Updated on June 7, 2017

The decision in Kirkham v Chief Constable of the Greater Manchester Police (1990) must be compared with the decision in Knight v Home Office (1990). The case concerns a 21-year-old boy who had suicidal tendencies and was imprisoned. The prison authorities were aware of his condition and the authorities kept a constant watch on the boy at regular intervals. Despite the precautions that were taken the boy committed suicide and his parents sued.

It was held that the prison authorities had taken relevant care by ensuring that the boy was kept under frequent watch. A prison however was not a hospital for the psychiatrically ill and the plaintiff could not expect the same level of care as one would expect from a hospital. The prison authorities were only required to exercise the level of care that was required for a prison and the prison authorities in this instance were deemed to have done just that. The plaintiff was unsuccessful.

In Hale v London Underground Ltd (1993), the case concerns a firefighter who had gone over and above his duty by repeatedly returning to the scene of the King’s Cross fire. The plaintiff was awarded a medal for bravery and though he did not suffer any physical injury from being continuously exposed to the fire and its aftermath he did suffer from post-traumatic stress. The plaintiff brought an action to recover for psychiatric illness caused by the defendants’ negligence and was successful. He was awarded damages in lieu of his illness.

In Alexandrou v Oxford (1993) we once again examine the scope of duty that is owed by a member of the police force to the public. The defendant let a burglar escape after the alarm in a retail store went off. The plaintiff, the owner of the shop brought an action against the police for letting the burglar escape. The court in line with all the previous cases we have looked at with regards to the duty owed by the police held that the defendant was not liable. The decision of the courts is largely based on public policy and though there may be occasions where mistakes are made, those mistakes are small when compared to the success rate.

In Osman v Ferguson (1993) a teacher developed an unhealthy fascination for a 14-year-old boy and started following him around. It later turned out to be something more sinister than mere infatuation and the teacher was sacked but he continued to persist and began to harass the boy and his family and at one stage even threatened to kill the boy and anyone else who came in his way - he even admitted that he couldn’t stop himself. The matter was reported to the police but no action was taken and finally the teacher shot the boy and his father. The boy survived but his father didn’t. The plaintiff, the boy’s mother brought an action against the police.

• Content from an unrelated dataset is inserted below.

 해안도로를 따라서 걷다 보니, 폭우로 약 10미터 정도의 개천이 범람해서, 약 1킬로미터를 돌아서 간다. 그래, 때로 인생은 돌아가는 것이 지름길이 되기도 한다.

The court in line with Hill v Chief Constable for West Yorkshire (1988) held that the police did not owe the plaintiff a duty of care. While it was foreseeable that some harm might occur as a result of the teacher’s improper actions, for reasons of public policy, a duty could not be imposed on the police. It is difficult to ask of the police to keep the boy under 24-hour surveillance because the police lacked the resources.

Would the boy’s family, given the seriousness of the threat have been able to use the services of a private agency? The answer in short, as long as the courts allow it, is yes, but these services are not cheap and therefore it is a matter of if the family can afford it.

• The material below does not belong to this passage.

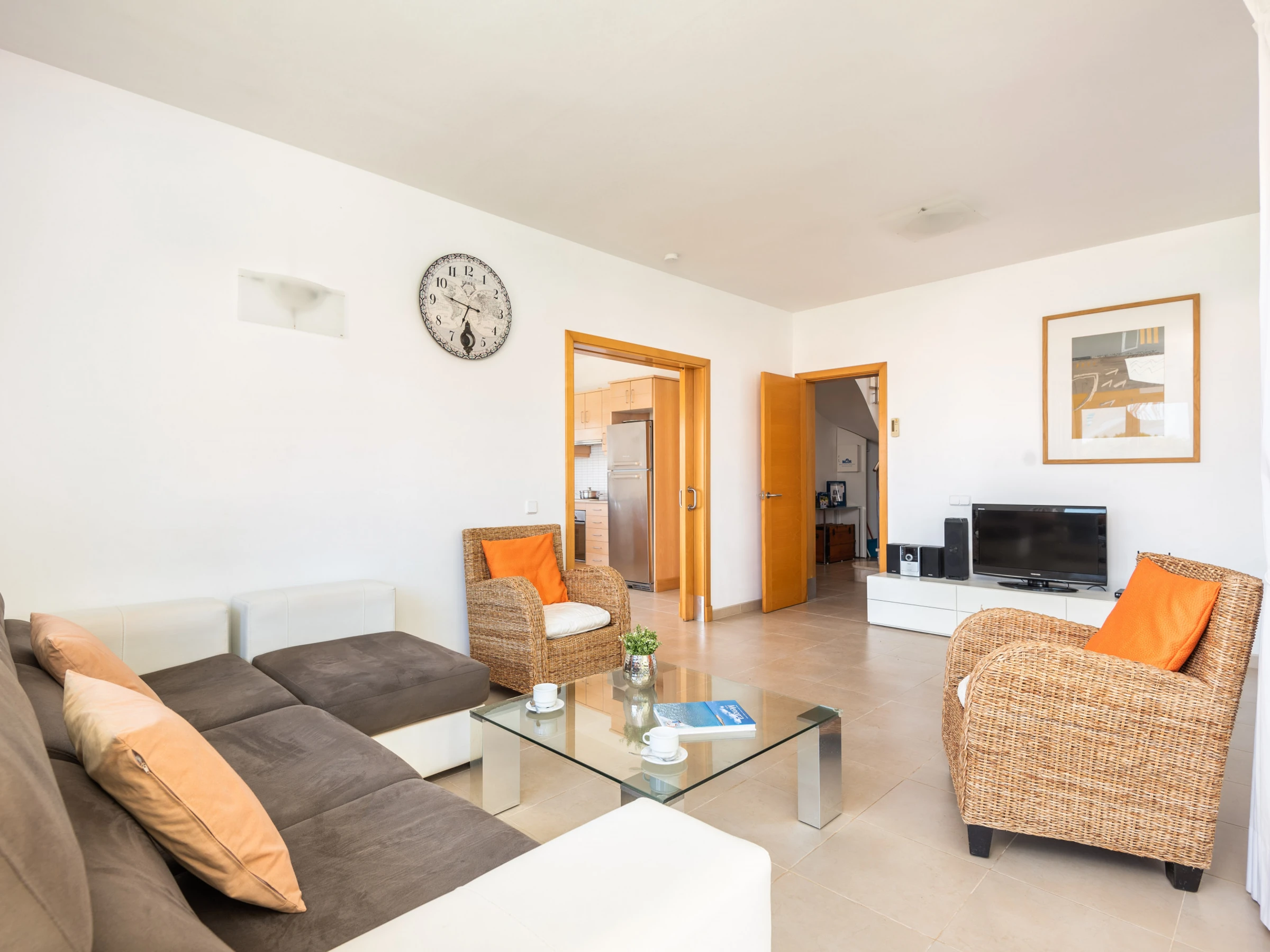 Das Wohnzimmer ist geräumig und hell, eingerichtet mit Sofa und Sesseln, Satellitenfernsehen und kostenlosem WLAN. Zudem bietet es direkten Zugang zum Außenbereich, was eine perfekte Umgebung zum Entspannen oder für geselliges Beisammensein schafft.

A similar rule applies to missing children. As long as the law permits it, the parents are allowed to use any means at their disposal to recover their child. When it comes to private agencies, it is a matter of costs and it depends on how much the parents can afford to pay.

In Smith v Cribben (1994) the plaintiff tried to overtake the defendant on the motorway and the defendant continued driving at the speed he was driving at. The plaintiff was unsuccessful in overtaking the defendant but continued to persist and as a result crashed into a tree. The plaintiff sued.

The court held that the defendant was not under a duty to give way to the plaintiff and was entitled to continue driving at the speed he was driving at as long as it was within the limits imposed by the law. The plaintiff was unsuccessful.